» To do: A faithful transcription is wanted of the lines from the top of the material through the line that holds "Paralegal Certification |", both ends included, leaving out the pictures.

*** Extracted records ***

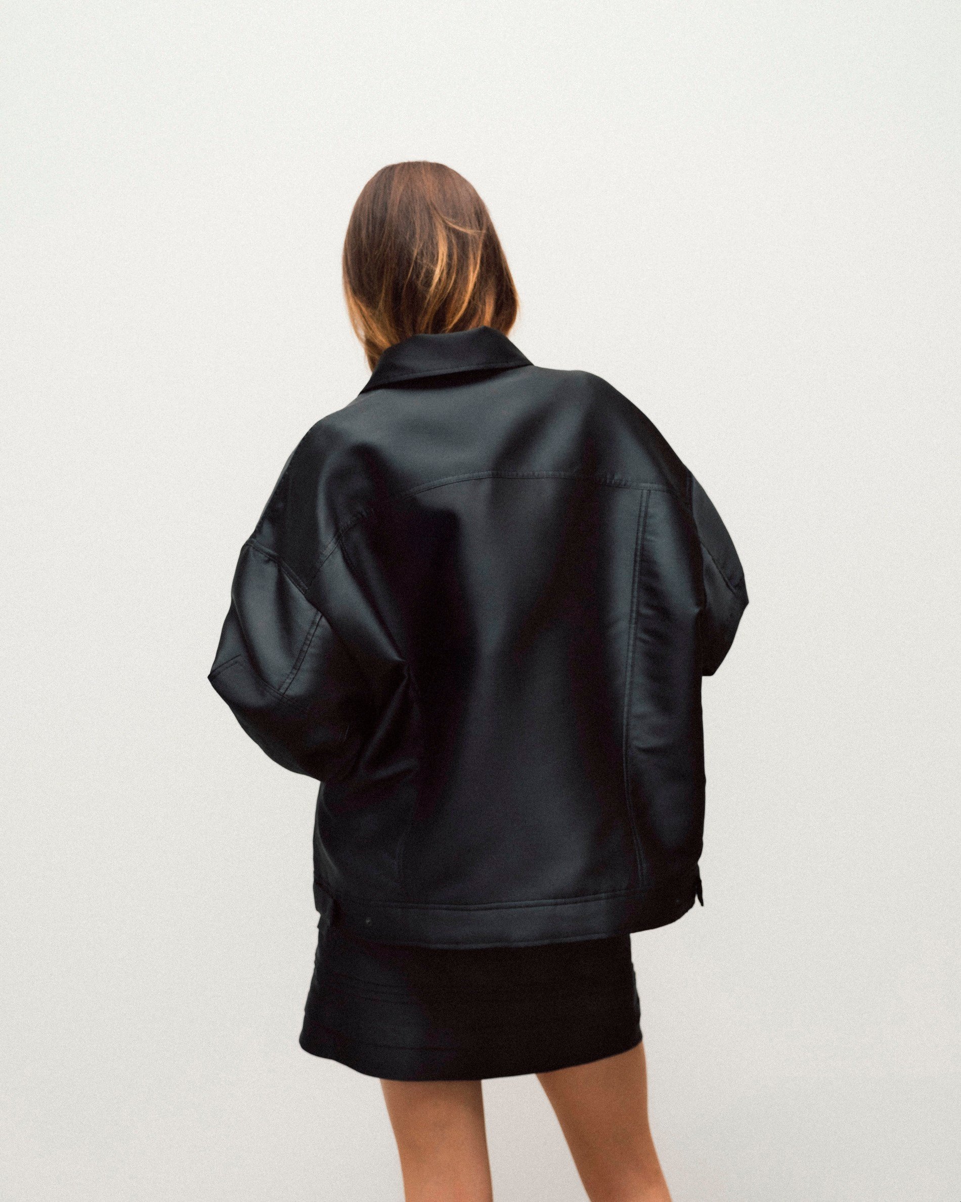 The Olpa jacket, a piece that brings showcases technical fabrication and modern femininity. Cut from an black Lustre Twill. Imbuing the everyday with a light and practical feel.
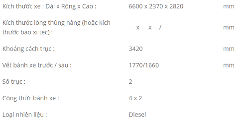 + Số lượng lốp trên trục I/II/III/IV: 02/04/-/-/-
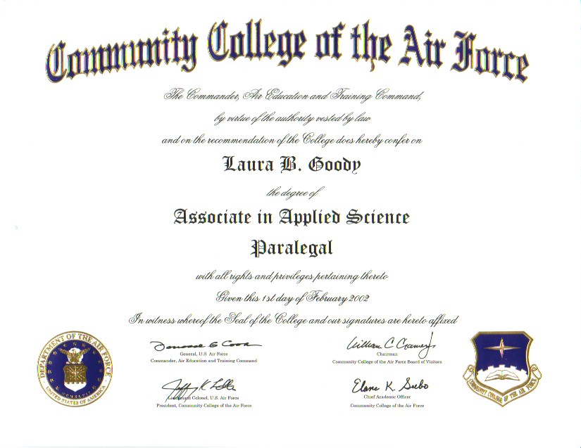 | U.S. Air Force Paralegal Certification |
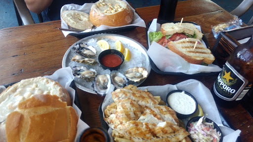 The whole family had a late lunch at Blue Water Seafood on India St. today. It is located in Mission Hills, but I think of it as north of Little Italy. It was very crowded on a Sunday afternoon at 2:00 p.m. speaking well of its word of mouth reputation. It compared very favorably to my long time San Diego seafood favorite, Point Loma Seafoods on the Shelter Island waterfront on Scott and Emerson. I dont know if they were consciously emulating the Point Loma style, but there were many similarities, from the very casual indoor/outdoor/patio dining style, to the display of fish on ice as one enters to order. They offer all of their fresh fish in three styles, Sandwich, Salad or Plate. My wife and I opted for the plates, with our halibut and red snapper, respectively, prepared in a style they called bronzed. It was the most lightly breaded manner I have ever seen fish prepared, and was perfect for keeping the fish moist and flavorful. From the taste, the fish was obviously fresh, as well. In the beer department, they had a small but reasonable variety of bottled beers. But where they excel, is in the full line of Ballast Point brews on tap. Unfortunately, they were out of the Yellowtail Pale Ale, so we opted for a pitcher of Wahoo Wheat. It was perfect with the fish plate. Another way I prefer them over Point Loma is in the salad. They offer a nice mixed garden salad with fresh greens, much better than cole slaw. Also, the jasmine rice is a nice alternative to fries. The youngsters were very please with their fish and chips and clam chowder. I should also mention that they offer a number of chilled shrimp and fish cocktails, ceviches, etc. I have to rate this a bit above Point Loma, a place I have been loyal to since 1984.
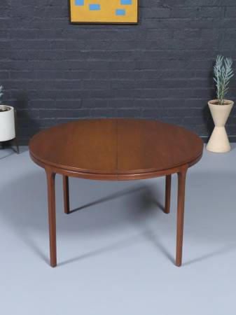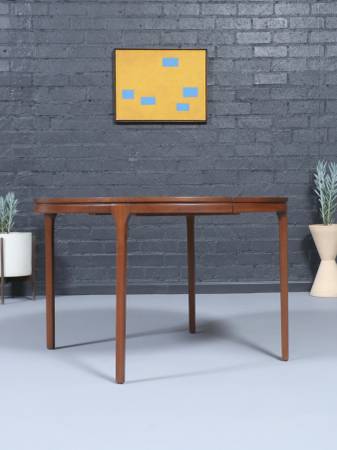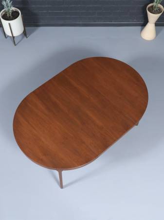 This expanding Mid-Century Modern walnut dining table showcases a beautifully refinished surface that highlights the depth and warmth of the natural grain. Its elegantly tapered legs and softly rounded edges give the piece a light, sculptural presence typical of 1960s American design. The hidden expansion mechanism allows the table to transition effortlessly from a round to an oval form, offering versatility for both intimate settings and larger gatherings. Expertly refinished, the table is smooth to the touch with a rich, consistent tone throughout. A timeless statement piece, it blends craftsmanship and functionality in a way that feels both classic and contemporary.
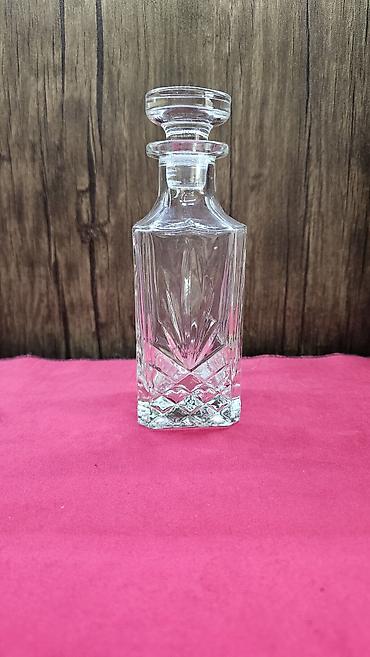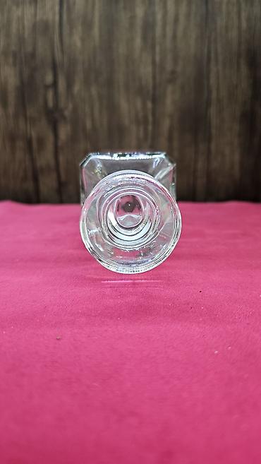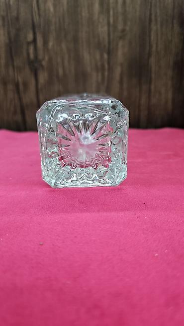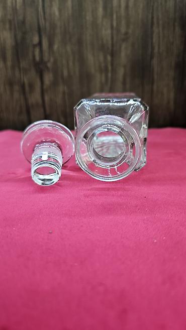 Şüşə qrafin - Material: şəffaf şüşə - Forma: kvadrat gövdə, yumşaq künclər; yuxarı hissədə geniş boğaz - Qapaq: eyni şüşədən hazırlanmış sıx oturan taxta formalı tıxac/qapaq - Həcm: təxminən kiçik...

*** End of Extracted records ***

» Answer to this exercise:
 The Olpa jacket, a piece that brings showcases technical fabrication and modern femininity. Cut from an black Lustre Twill. Imbuing the everyday with a light and practical feel.
 + Số lượng lốp trên trục I/II/III/IV: 02/04/-/-/-
 | U.S. Air Force Paralegal Certification |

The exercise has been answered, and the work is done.